# ASSIGNMENT
Every line from the top of the records through the one bearing "U型包裹式的刷头,不仅能不磨" is to be reproduced exactly, and pictures are to be left out.

======== MATERIAL FOR THE TASK

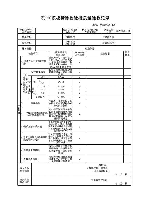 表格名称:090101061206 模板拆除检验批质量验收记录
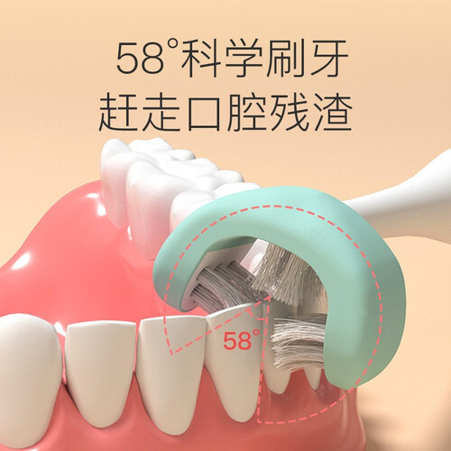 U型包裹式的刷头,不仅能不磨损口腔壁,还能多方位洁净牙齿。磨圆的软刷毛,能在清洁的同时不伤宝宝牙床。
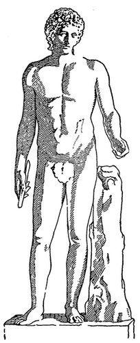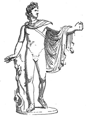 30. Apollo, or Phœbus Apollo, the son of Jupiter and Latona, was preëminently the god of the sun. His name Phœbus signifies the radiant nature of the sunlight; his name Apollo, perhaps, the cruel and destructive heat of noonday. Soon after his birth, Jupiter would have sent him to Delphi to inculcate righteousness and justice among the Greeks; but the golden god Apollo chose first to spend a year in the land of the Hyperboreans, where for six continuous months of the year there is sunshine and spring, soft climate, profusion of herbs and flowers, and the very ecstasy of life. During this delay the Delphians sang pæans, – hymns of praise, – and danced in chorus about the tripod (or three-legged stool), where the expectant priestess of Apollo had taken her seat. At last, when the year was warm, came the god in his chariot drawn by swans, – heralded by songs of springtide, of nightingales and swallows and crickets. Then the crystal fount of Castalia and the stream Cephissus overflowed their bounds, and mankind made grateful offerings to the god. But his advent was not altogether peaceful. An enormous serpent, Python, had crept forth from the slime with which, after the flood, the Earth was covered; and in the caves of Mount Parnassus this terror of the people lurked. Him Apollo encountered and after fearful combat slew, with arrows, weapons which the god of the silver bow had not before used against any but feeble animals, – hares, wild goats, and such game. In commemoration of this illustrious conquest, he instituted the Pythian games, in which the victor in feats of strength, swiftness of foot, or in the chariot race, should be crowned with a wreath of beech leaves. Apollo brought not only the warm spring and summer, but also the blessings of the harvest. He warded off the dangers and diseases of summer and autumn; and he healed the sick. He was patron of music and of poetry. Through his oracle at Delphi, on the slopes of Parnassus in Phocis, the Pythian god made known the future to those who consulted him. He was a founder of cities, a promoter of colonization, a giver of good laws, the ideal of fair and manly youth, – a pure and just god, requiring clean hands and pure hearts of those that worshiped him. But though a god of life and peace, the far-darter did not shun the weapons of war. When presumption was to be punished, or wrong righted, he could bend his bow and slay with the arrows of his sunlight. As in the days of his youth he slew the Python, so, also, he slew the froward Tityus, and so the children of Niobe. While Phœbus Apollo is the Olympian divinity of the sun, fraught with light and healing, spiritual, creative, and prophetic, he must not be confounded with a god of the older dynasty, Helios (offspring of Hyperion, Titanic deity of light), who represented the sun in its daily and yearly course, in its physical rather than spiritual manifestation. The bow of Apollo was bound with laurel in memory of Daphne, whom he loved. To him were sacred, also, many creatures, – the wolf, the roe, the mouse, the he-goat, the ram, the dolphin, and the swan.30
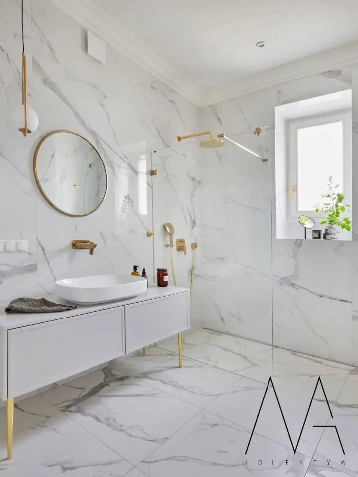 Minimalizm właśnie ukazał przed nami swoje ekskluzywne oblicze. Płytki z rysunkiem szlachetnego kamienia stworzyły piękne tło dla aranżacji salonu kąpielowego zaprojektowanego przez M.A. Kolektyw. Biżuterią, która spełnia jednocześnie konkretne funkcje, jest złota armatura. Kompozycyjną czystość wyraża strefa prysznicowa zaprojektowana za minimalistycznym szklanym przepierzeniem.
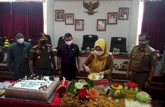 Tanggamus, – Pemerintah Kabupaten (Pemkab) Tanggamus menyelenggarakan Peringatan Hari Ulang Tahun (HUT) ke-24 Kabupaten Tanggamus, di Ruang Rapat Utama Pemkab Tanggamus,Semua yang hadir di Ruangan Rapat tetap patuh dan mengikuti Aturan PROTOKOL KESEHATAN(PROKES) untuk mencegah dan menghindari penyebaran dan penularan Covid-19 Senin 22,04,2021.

================

# RESULT OF THE TASK
 表格名称:090101061206 模板拆除检验批质量验收记录
 U型包裹式的刷头,不仅能不磨损口腔壁,还能多方位洁净牙齿。磨圆的软刷毛,能在清洁的同时不伤宝宝牙床。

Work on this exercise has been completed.